Problem details: Could you retype all of the records exactly, leaving out every picture?

========

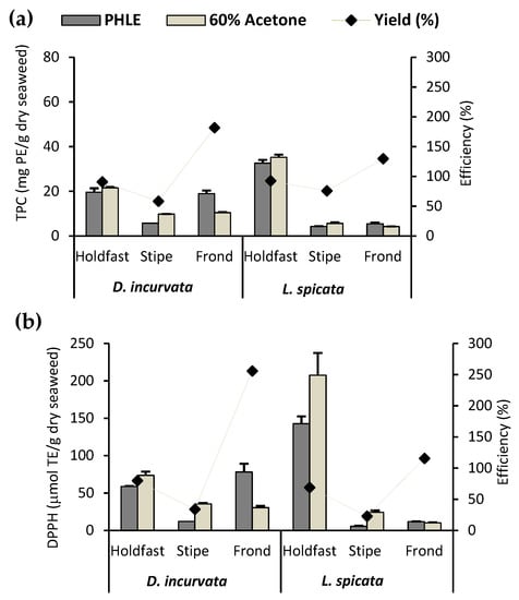 Effectivity of PHLE against 60% acetone in the extraction of phlorotannins from the main anatomical parts of D. incurvata and L. spicata: holdfast, stipe, and frond. (a) The TPC (mg PE/g dry seaweed) and (b) the antioxidant capacity, measured as DPPH RSA (μmol TE/g dry seaweed), were analyzed in PHLE and 60% acetone extracts obtained from a randomly selected sample per each species/thallus part combination. PHLE-TPC and PHLE-AC efficiencies were determined as a ratio of the 60% acetone extracts’ values. Bars represent the means ± SD of three extractions carried out per each sample and method, and dots correspond to the mean efficiencies of PHLE.
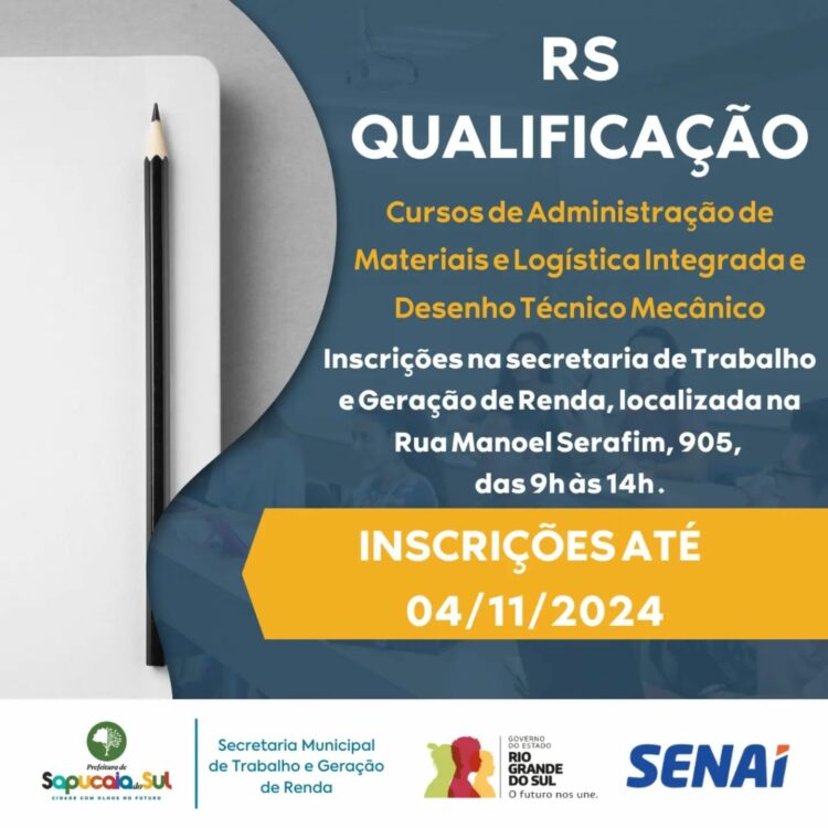 A Prefeitura de Sapucaia do Sul informa que o Programa RS Qualificação, parceria entre o Governo do Estado do Rio Grande do Sul, Prefeitura de Sapucaia do Sul e Senai/RS, disponibilizou 33 vagas para os cursos de Administração de Materiais e Logística Integrada e Desenho Técnico Mecânico, ministrados no SENAI – Sapucaia do Sul.
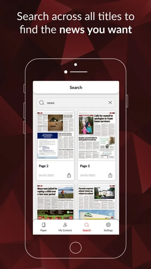 • An exact replica copy of the print newspaper available from 2am on Tuesday mornings
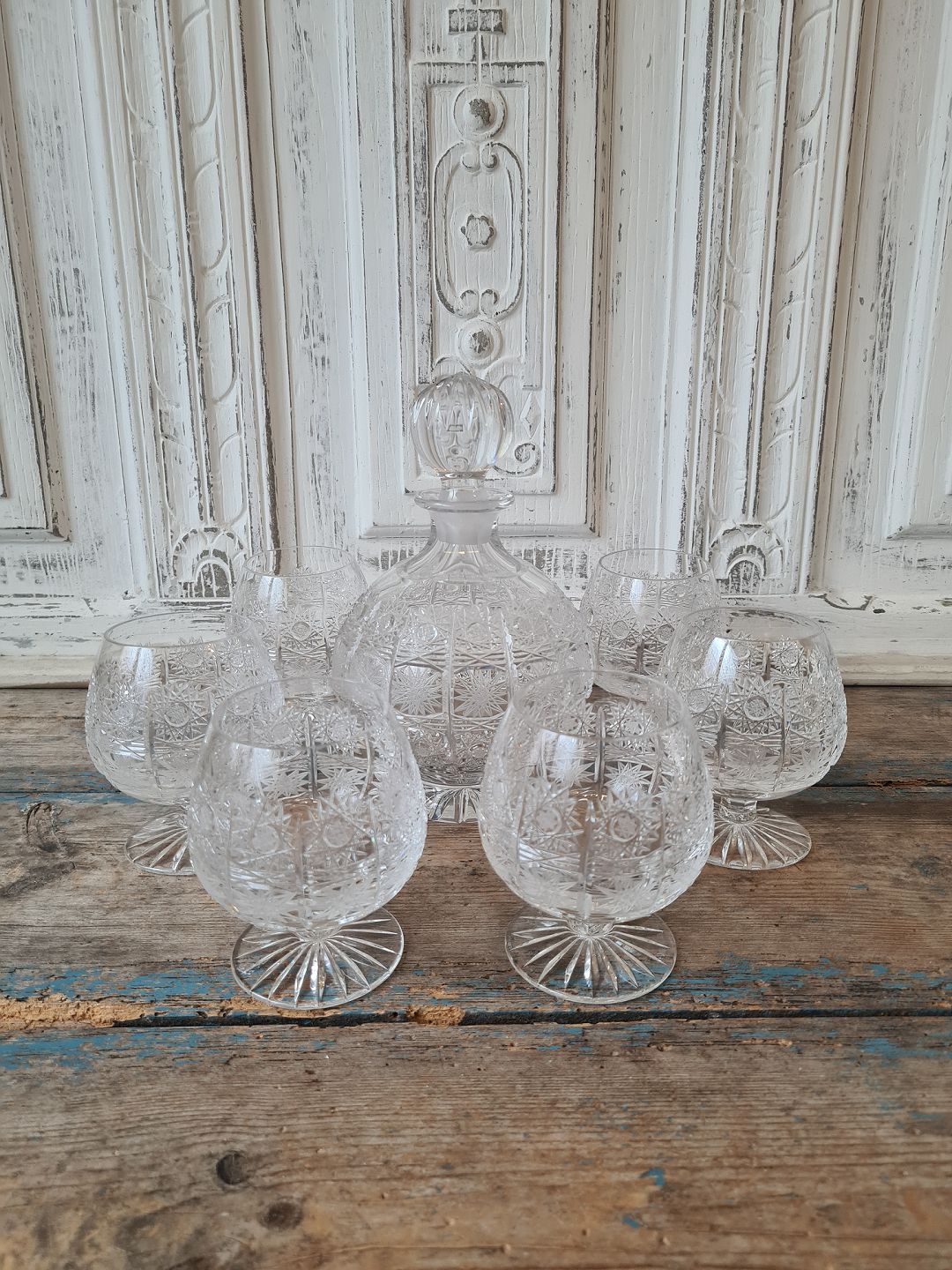 Sæt på 6 cognac glas samt karaffel i slebet krystal
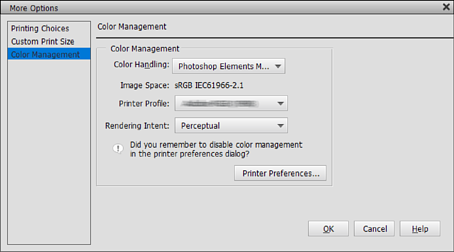 Pilih Pengurusan Warna dan kemudian, pilih Photoshop Menguruskan Warna daripada Pengendalian Warna. Pilih profil ICC kertas daripada Profil Pencetak dan klik Keutamaan Pencetak.
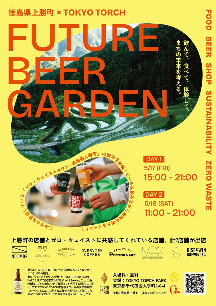 2024年5月17日〜18日には、ゼロ・ウェイストタウン上勝町主催のイベント「Future Beer Garden 〜上勝町×TOKYO TORCH〜」を開催し、「TOWN CRAFT -まちの未来を考えるビール-」の販売も行います。
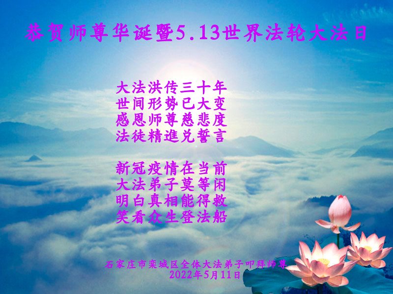 石家庄市栾城区全体大法弟子恭贺师尊华诞暨5.13世界法轮大法日! 河北石家庄藁城大法弟子恭祝师父生日快乐!
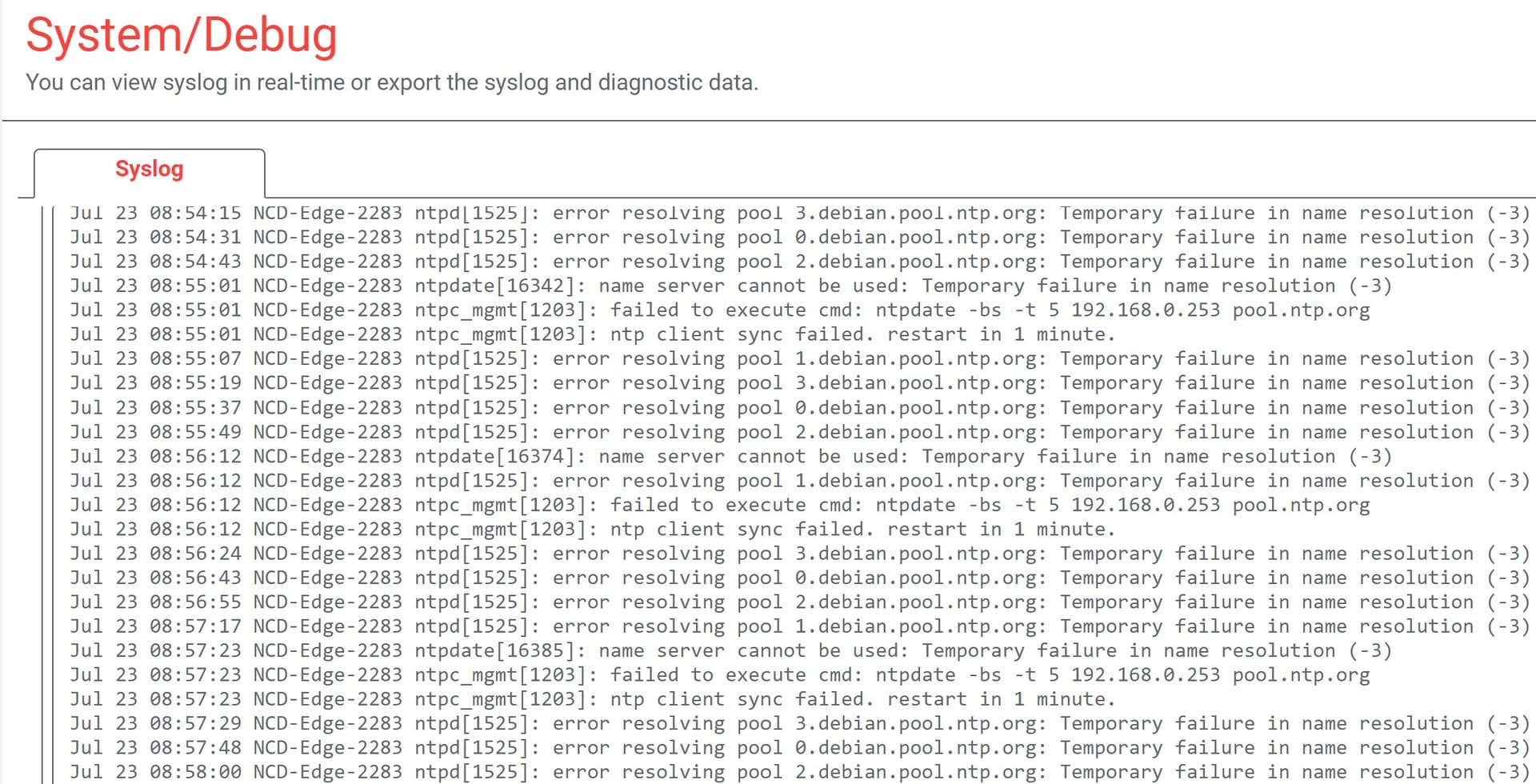 Our Robustel EG5100-A2FEA-NU is unable to reach our internal NTP server. IT has checked the settings for the port it is connected to and are unable to point to any issues with the configuration of the port.
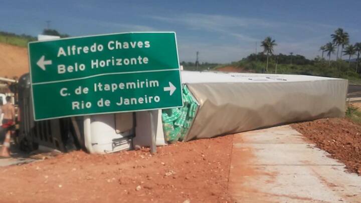 Uma carreta carregada com fraldas descartáveis tombou no quilômetro 358, da BR 101, próximo ao trevo de Alfredo Chaves. De acordo com a PRF, o motorista estava sozinho no veículo e sofreu escoriações leves, e não precisou ser encaminhado ao serviço médico.
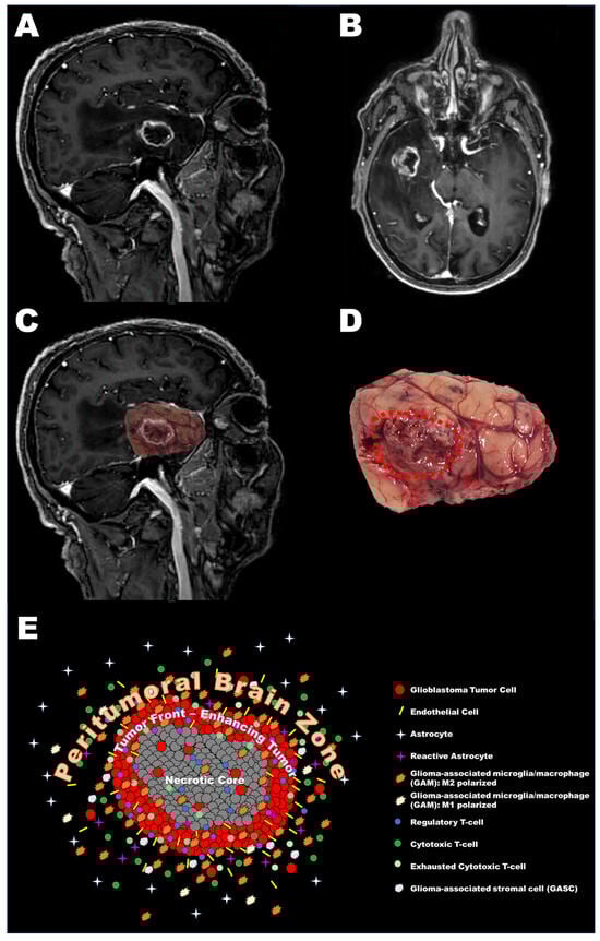 - Giambra, M.; Di Cristofori, A.; Valtorta, S.; Manfrellotti, R.; Bigiogera, V.; Basso, G.; Moresco, R.M.; Giussani, C.; Bentivegna, A. The peritumoral brain zone in glioblastoma: Where we are and where we are going. J. Neurosci. Res. 2023, 101, 199–216. [Google Scholar] [CrossRef] [PubMed]
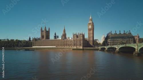 © Wiryo, Naklejka premium Panoramic view of the Houses of Parliament and Big Ben in London, UK, on a sunny day, with the Thames River in the foreground and a bridge to the right.

========

Written solution:
 Effectivity of PHLE against 60% acetone in the extraction of phlorotannins from the main anatomical parts of D. incurvata and L. spicata: holdfast, stipe, and frond. (a) The TPC (mg PE/g dry seaweed) and (b) the antioxidant capacity, measured as DPPH RSA (μmol TE/g dry seaweed), were analyzed in PHLE and 60% acetone extracts obtained from a randomly selected sample per each species/thallus part combination. PHLE-TPC and PHLE-AC efficiencies were determined as a ratio of the 60% acetone extracts’ values. Bars represent the means ± SD of three extractions carried out per each sample and method, and dots correspond to the mean efficiencies of PHLE.
 A Prefeitura de Sapucaia do Sul informa que o Programa RS Qualificação, parceria entre o Governo do Estado do Rio Grande do Sul, Prefeitura de Sapucaia do Sul e Senai/RS, disponibilizou 33 vagas para os cursos de Administração de Materiais e Logística Integrada e Desenho Técnico Mecânico, ministrados no SENAI – Sapucaia do Sul.
 • An exact replica copy of the print newspaper available from 2am on Tuesday mornings
 Sæt på 6 cognac glas samt karaffel i slebet krystal
 Pilih Pengurusan Warna dan kemudian, pilih Photoshop Menguruskan Warna daripada Pengendalian Warna. Pilih profil ICC kertas daripada Profil Pencetak dan klik Keutamaan Pencetak.
 2024年5月17日〜18日には、ゼロ・ウェイストタウン上勝町主催のイベント「Future Beer Garden 〜上勝町×TOKYO TORCH〜」を開催し、「TOWN CRAFT -まちの未来を考えるビール-」の販売も行います。
 石家庄市栾城区全体大法弟子恭贺师尊华诞暨5.13世界法轮大法日! 河北石家庄藁城大法弟子恭祝师父生日快乐!
 Our Robustel EG5100-A2FEA-NU is unable to reach our internal NTP server. IT has checked the settings for the port it is connected to and are unable to point to any issues with the configuration of the port.
 Uma carreta carregada com fraldas descartáveis tombou no quilômetro 358, da BR 101, próximo ao trevo de Alfredo Chaves. De acordo com a PRF, o motorista estava sozinho no veículo e sofreu escoriações leves, e não precisou ser encaminhado ao serviço médico.
 - Giambra, M.; Di Cristofori, A.; Valtorta, S.; Manfrellotti, R.; Bigiogera, V.; Basso, G.; Moresco, R.M.; Giussani, C.; Bentivegna, A. The peritumoral brain zone in glioblastoma: Where we are and where we are going. J. Neurosci. Res. 2023, 101, 199–216. [Google Scholar] [CrossRef] [PubMed]
 © Wiryo, Naklejka premium Panoramic view of the Houses of Parliament and Big Ben in London, UK, on a sunny day, with the Thames River in the foreground and a bridge to the right.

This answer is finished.